By Kevin Foley
Much was made of Rep. Michele Bachmann's Tea Party rebuttal of President Obama's State of the Union speech, but what caught the eye of many was her talk before an anti-tax crowd over the weekend in Iowa, where she is sounding out her presidential chances.
Bachmann |
While her rebuttal signaled a deep rift among GOP lawmakers, Bachmann (R-MN) signaled her astounding ignorance of American history when she declared that the Founding Fathers had "…worked tirelessly until slavery was no more in the United States."
Of course, many of those great men were slaveholders, including George Washington and Thomas Jefferson. They embraced the "peculiar institution" of slavery, they didn't fight it. Their peers who opposed slavery eventually settled for the noxious "three-fifths" compromise in the Constitution for the sake of unity.
She's probably aware that the Civil War was fought about four score and seven years later, but does Bachmann know why?
Poll one hundred sixth graders and 99 of them will give you the right answer, but the representative who leads the Tea Party's caucus in the U.S. Congress is evidently clueless about why there was a bloodbath at Gettysburg.

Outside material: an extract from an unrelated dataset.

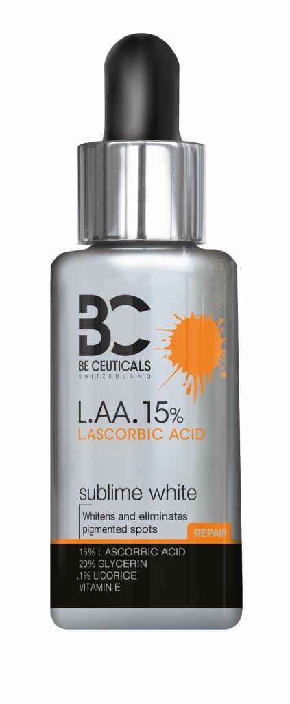 Zawiera najwyższe dostępne stężenie witaminy C. BE CEUTICALS L.A.A. 25% CUDOWNA SKÓRA pomaga zwalczać szkodliwe działanie wolnych rodników oraz zapobiega uszkodzeniom skóry. Zawarty w produkcie kwas askorbinowy stymuluje produkcję kolagenu, wzmacnia naczynia krwionośne i hamuje proces melanogenezy. Dzięki połączeniu z kwasem liponowym o działaniu detoksykującym, oczyszcza skórę ze szkodliwych substancji i toksyn. Zmarszczki i plamy pigmentacyjne są mniej widoczne. Skóra jest jasna, promienna i młodsza.

I'd be shocked, but by now we know reason and intellect take a back seat in the Tea Party, where irrational anger and mob rule preside. Still, shouldn't a Republican know the GOP was founded in 1854 by a coalition of anti-slavery parties determined to keep the peculiar institution out of America's territories?
Bachmann will no doubt blame the "elite liberal media" for her latest bout of verbal flatulence, but it's not the first time her brain was disengaged from her mouth. The Tea Partier who would be president has revealed herself on many occasions to be, shall we say, out there:
"I wish the American media would take a great look at the views of the people in Congress and find out: Are they pro-America or anti-America?"
"Carbon dioxide is portrayed as harmful. But there isn't even one study that can be produced that shows that carbon dioxide is a harmful gas."
"There are hundreds and hundreds of scientists, many of them holding Nobel Prizes, who believe in intelligent design."
Her views are ambrosia to Bachmann's Tea Party base, where making sense isn't always sensible. So it's doubtful the Minnesota grizzly mom's presidential aspirations will suffer much damage over her belief that John Quincy Adams may have signed the Emancipation Proclamation, at least in Tea Party Paradise where such facts are fluid.
More rational voters, however, might have their doubts about Bachmann's viability.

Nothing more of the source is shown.